## YOUR INSTRUCTIONS
Transcribe only the part of the material below that begins at the line containing "Parts of the class" and ends at the line containing "in their neighborhoods.", with both kept and images left out.

## DATASET
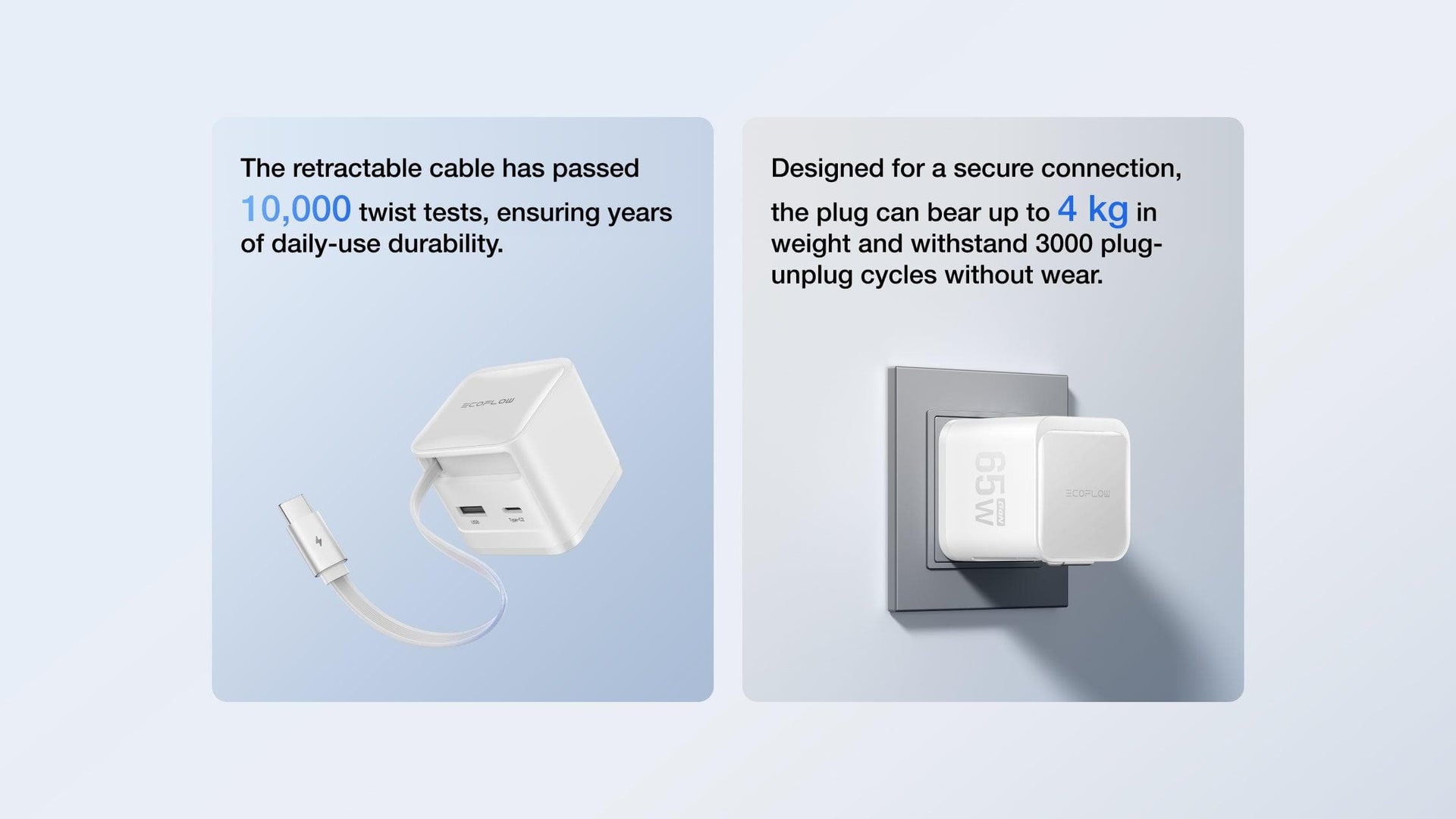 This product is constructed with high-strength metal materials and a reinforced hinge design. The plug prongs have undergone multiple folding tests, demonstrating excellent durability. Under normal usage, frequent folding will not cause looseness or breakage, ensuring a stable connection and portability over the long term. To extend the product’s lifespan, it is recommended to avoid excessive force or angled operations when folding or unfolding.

* * *

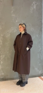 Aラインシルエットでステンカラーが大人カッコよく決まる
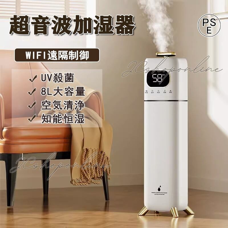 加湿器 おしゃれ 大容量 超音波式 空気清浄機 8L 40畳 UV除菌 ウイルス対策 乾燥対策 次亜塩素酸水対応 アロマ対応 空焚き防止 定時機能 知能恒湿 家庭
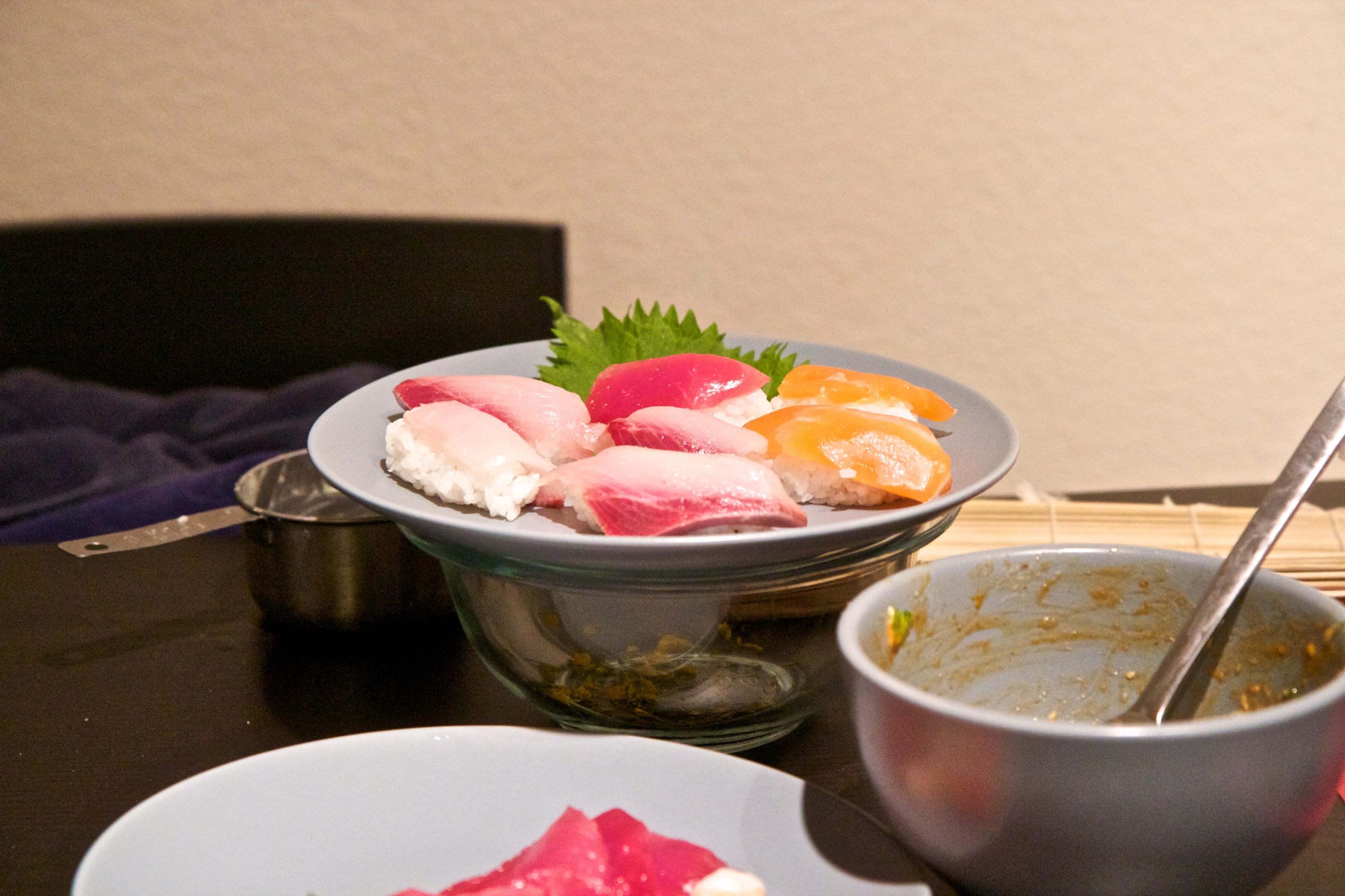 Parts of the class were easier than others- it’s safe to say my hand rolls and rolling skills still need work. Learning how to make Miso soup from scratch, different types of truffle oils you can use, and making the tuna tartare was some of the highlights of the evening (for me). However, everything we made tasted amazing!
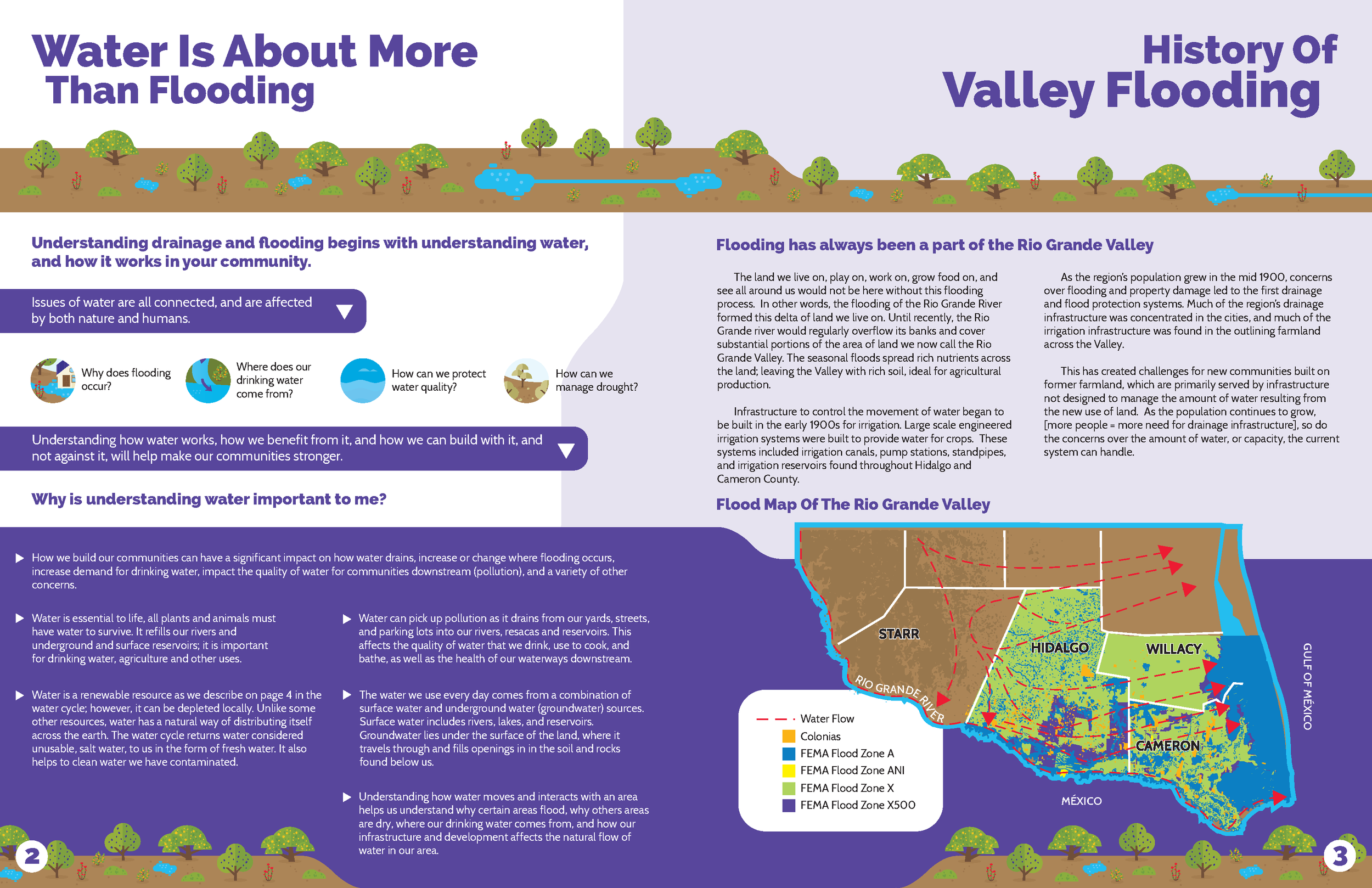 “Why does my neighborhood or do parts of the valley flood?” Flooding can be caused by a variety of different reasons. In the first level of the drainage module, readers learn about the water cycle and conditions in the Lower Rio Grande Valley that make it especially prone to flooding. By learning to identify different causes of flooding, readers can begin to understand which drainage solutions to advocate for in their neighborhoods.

## THE ANSWER
 Parts of the class were easier than others- it’s safe to say my hand rolls and rolling skills still need work. Learning how to make Miso soup from scratch, different types of truffle oils you can use, and making the tuna tartare was some of the highlights of the evening (for me). However, everything we made tasted amazing!
 “Why does my neighborhood or do parts of the valley flood?” Flooding can be caused by a variety of different reasons. In the first level of the drainage module, readers learn about the water cycle and conditions in the Lower Rio Grande Valley that make it especially prone to flooding. By learning to identify different causes of flooding, readers can begin to understand which drainage solutions to advocate for in their neighborhoods.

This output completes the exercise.